On 12/9/2010 1:54 AM, David Sommerseth wrote:
For the vast majority of issues with SELinux, it possible to overcome them using the provided tools.
Of course, but I think you're mistaking "possible" for "practical". Everyone has different incentives and constraints.
Allow me build an analogy with GUI program design. The tools provided with the OS are sufficient for any program to be beautifully designed. We have powerful graphics editors, solid GUI libraries, mature GUI builders, and unprecedentedly powerful means for finding and attracting design talent. Yet, most Linux GUI programs are not as nicely designed as the best counterparts on Windows and OS X.
Why?
Not everyone cares enough to make their GUI program beautiful, especially in a world where a) most of the software is free-as-in-beer; and b) the culture has developed a knee-jerk "if you don't like it go use something else we're volunteers here you ungrateful bastard" reaction to criticism. (I should note here that I'm the primary maintainer of a popular free software package, and I, too have told people to go pound sand when they told me I *need to* do something in order to make my successful project succeed. As in another post in this thread, I'm not disparaging here, just reporting.)
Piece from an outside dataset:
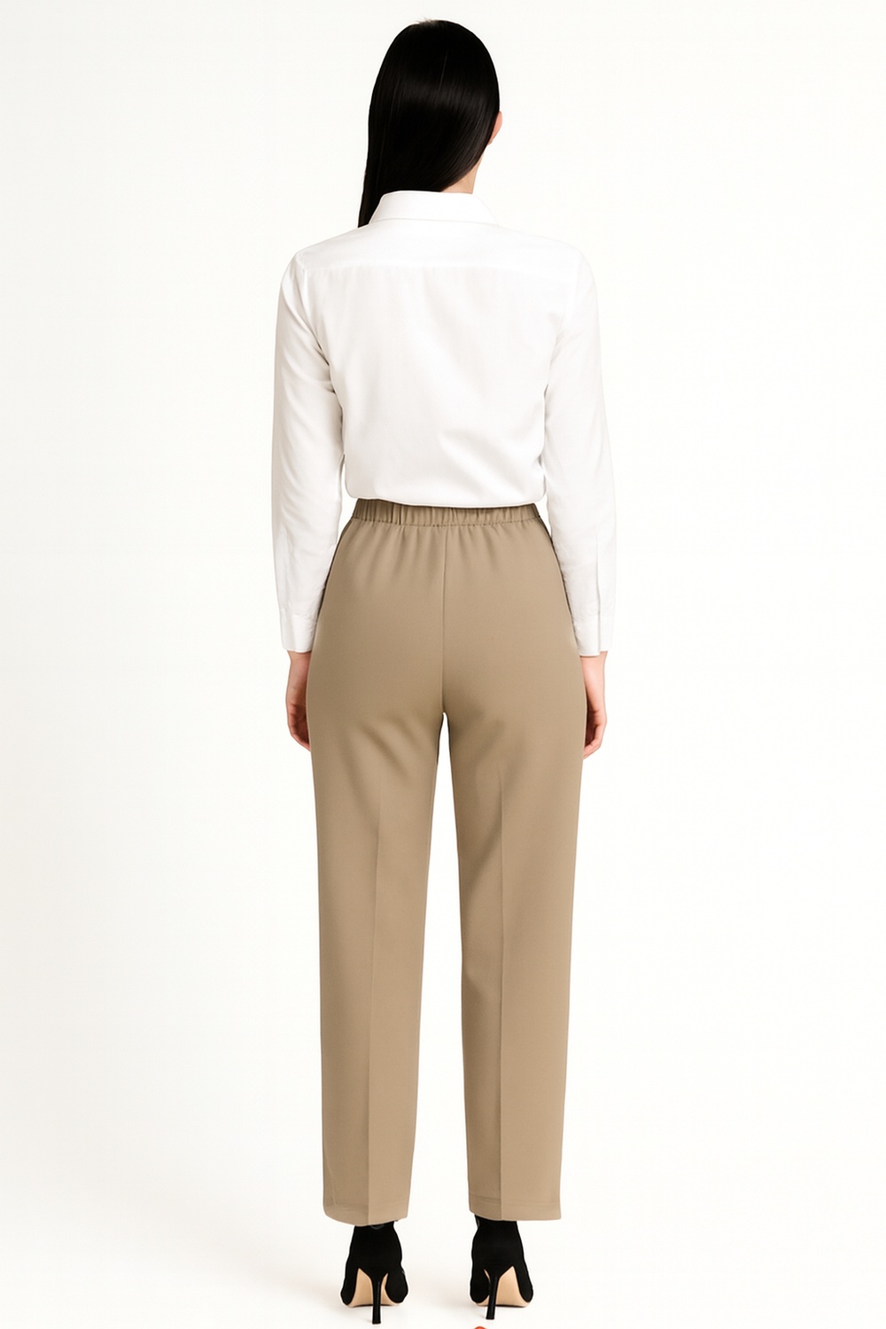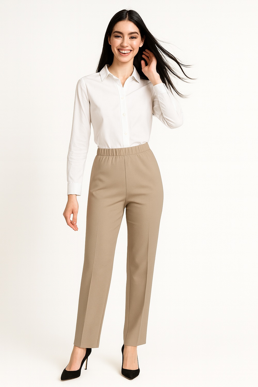Pantalón de tiro alto con doble botón frontal que brinda ajuste firme, pretina estructurada que define la cintura, pierna recta de largo completo que estiliza la silueta, bolsillos funcionales integrados al diseño, confección en tejido de tacto suave y estructura media

On Windows and OS X, the incentives are different. More software costs money, and among the ways to convince people to pay money for software when there are free alternatives, one way is to make the software more beautiful, and another is to make it easier to use.
Now let's apply that same thinking to SELinux.
First, not all open source projects have the proper incentives to support SELinux. One reason might be that the project started on one of the BSDs and its primary maintainers still use that platform. Their community may be uninterested in providing patches, and they're unlikely to write software that doesn't benefit them in some way.
Then you have the packagers. Those packages not made by people trying to get the package into the Fedora or RHEL official repositories aren't required to support SELinux, so they may choose not to if they don't themselves use SELinux.
Next there are those who just wish to install and use the software. They may not wish to dig into the package to fix SELinux problems any more than you see Joe Shellprompt fixing any of the many other other common problems you find constantly kicked back upstream through complaints in bug trackers and on mailing lists.
That takes us full circle, no one has fixed the issue, and without a sufficient change in the set of user incentives for that package, the cycle will repeat.